物語は4人のお嬢様が優雅にランチをしている場面から始まる。
パーティーの招待の話、オーダーしたドレスの話、そして給仕のロゼッタが作る食事の数々。
フォアグラのソテー、アローズにはパプリカのソース。アボカドにはわさび醤油、、、、わさび醤油?
あきらかに西洋風の雰囲気あふれる場面に急な「わさび醬油」の登場。

おや?と思っていると、場面はうって変わり、川沿いのベンチでうたた寝するお婆さんの物語へ。
スーパーのアボカド1つ198円を「お安いわね」という奥様方を横目に、もやしと豆腐を128円で購入し、川沿いの集合住宅の1室に帰っていく。質素な夕食を摂り、押し入れから和布団を出して、畳にじかに置かれた数冊の本の中から1冊を読みながらいつの間にか夢の中へ。そして朝、いつもの川沿いのベンチへ今日も向かう。

『谷底の臭気漂うこの川沿いに 私の楽園はある』
そういって。

短編っぽく、1話ずつそれとなく完結しているけど、少しずつ続いている。それぞれ登場人物も微妙にかぶっていて、でもやっぱり中心は「優雅な姉妹と比例して現実世界の川沿いに暮らすお婆さん」の話。

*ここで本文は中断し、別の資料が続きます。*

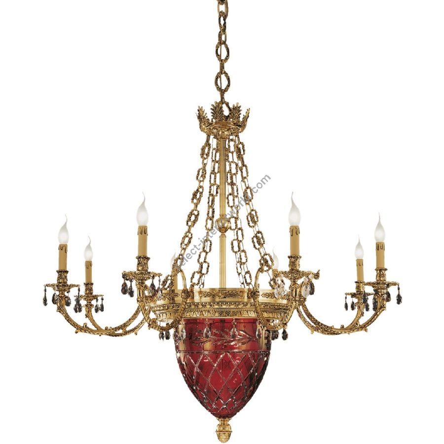Shaded gold plated finish chandelier with red crystal and Schoeler drops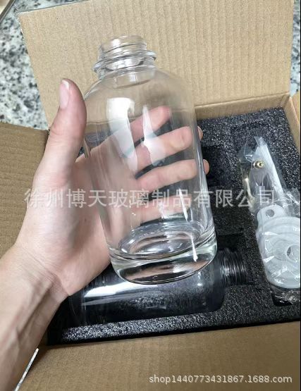 亚马逊跨境按压式分装瓶透明玻璃空瓶浴室卫生间沐浴露化妆品瓶子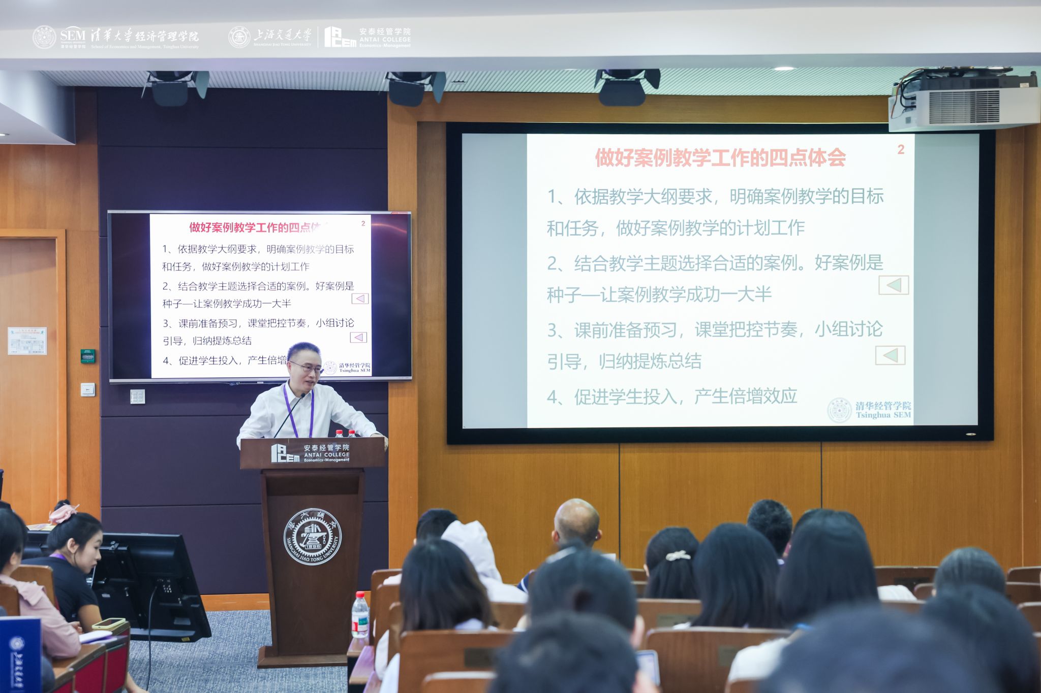 10月17日,清华大学郝洁教授从哈佛案例教学法的课堂实践角度,系统解析了哈佛案例教学法的核心理念与课堂组织技巧;对外经济贸易大学邢小强教授则分享了“研究驱动的教学案例开发模式”,强调以严谨的学术研究为基础推进教学案例的开发。下午,清华大学姜朋教授围绕商业伦理类案例,从理论关涉与课堂设问出发,讲授了在案例开发中的法律和伦理方面的边界问题;上海科技大学毛基业教授则系统阐述了案例开发的理论价值,并结合自身从教经历,向青年教师分享了教学准备、案例应用与效果评估等方面的宝贵经验。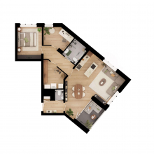 Dit type heeft een brede leefruimte met centraal geplaatste keuken en eethoek. De zithoek ligt aan de voorzijde en heeft uitzicht op de monumentale gebouwen in het Kazernekwartier. Een uniek uitzicht dat dit woningtype bijzonder maakt. De rustige indeling met twee slaapkamers maakt dit type geschikt voor uiteenlopende doelgroepen: van stellen tot jonge gezinnen en actieve 55+’ers.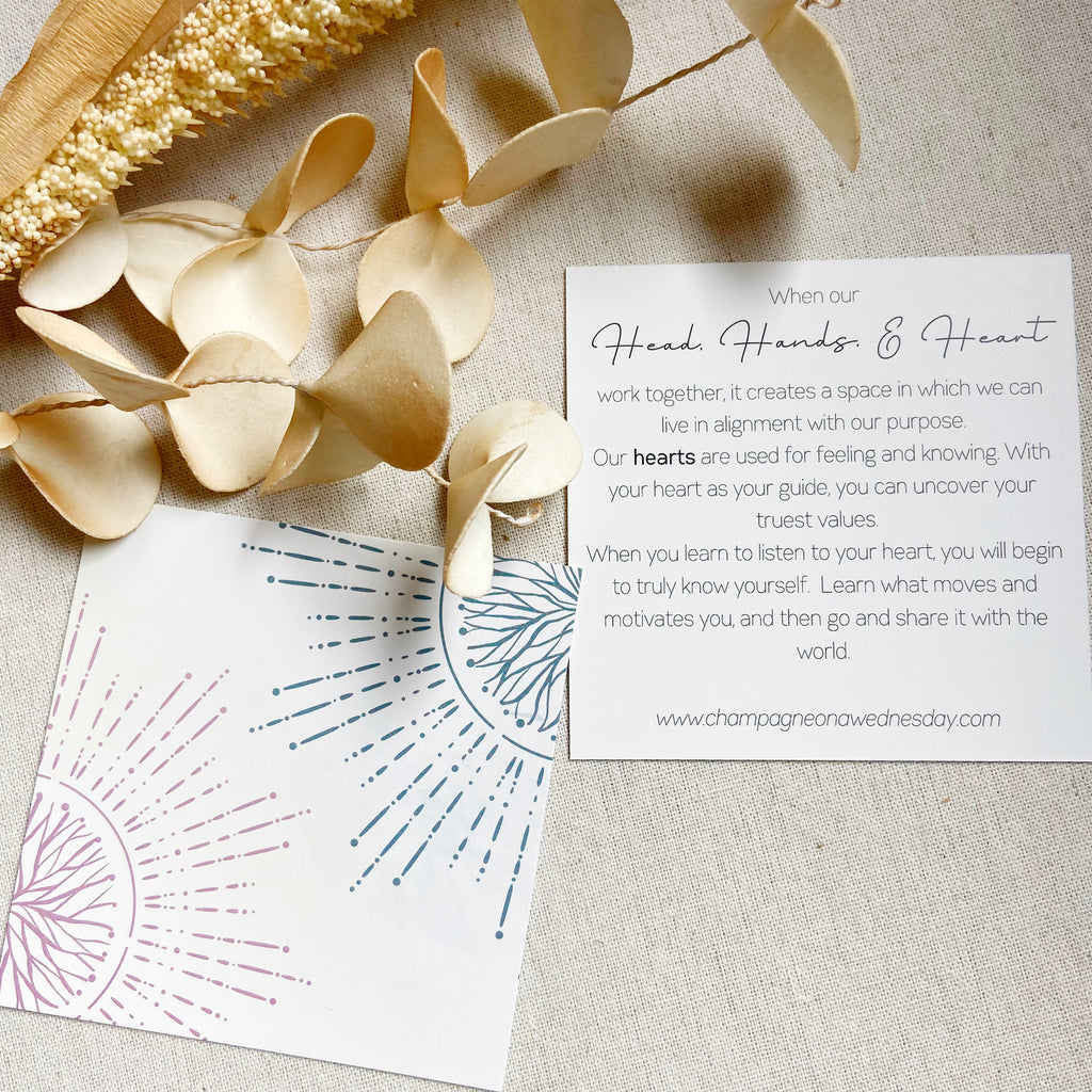 As a part of the Head, Hands, and Heart Collection, this piece is meant to remind you of the unique power of your heart to help you uncover your truest values and motivations. This necklace will be packaged with a 3.5 x 3.5 card of original artwork featuring a mandala pattern, a symbolic reminder of the desire for wholeness, along with the full story of the piece.

これはお婆さんの空想の世界なのか、それとも夢の世界?

よく年寄りの思い出話というと、過去の体験とか身の回りの話、現実的なものが想像されがちだけど、空想の世界、夢見る世界は年齢も性別も時代も何もかも飛び越えて、自由であると気づかされる。心の豊かさは誰にも奪えない宝物。

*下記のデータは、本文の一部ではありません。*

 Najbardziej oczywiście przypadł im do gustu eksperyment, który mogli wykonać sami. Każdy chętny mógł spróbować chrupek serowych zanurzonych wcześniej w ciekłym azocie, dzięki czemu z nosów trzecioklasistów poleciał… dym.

老婆の暮らしと共に、この川沿いに暮らすそれぞれの人々の暮らしを垣間見ながら迎える「グランドフィナーレ」

給仕のロゼッタの腕は上がり?食卓にはあふれんばかりのごちそうが並ぶ。カエルのムースホウレン草づつみ、白ネギのスープ赤パプリカソース添え、フォアグラとリンゴのソテー、牛肉とオリーブの赤ワイン煮込みにアボカドソース、きのこのにんにくスープパイ仕立て、そしてやっぱりおすしはトロ。。。

まるで1本の映画を観終わったような、フォアグラを優雅に堪能した後のような満足感でした。
フォアグラ食べたことないけど。。。。アボカドわさび醤油は、美味しいよね。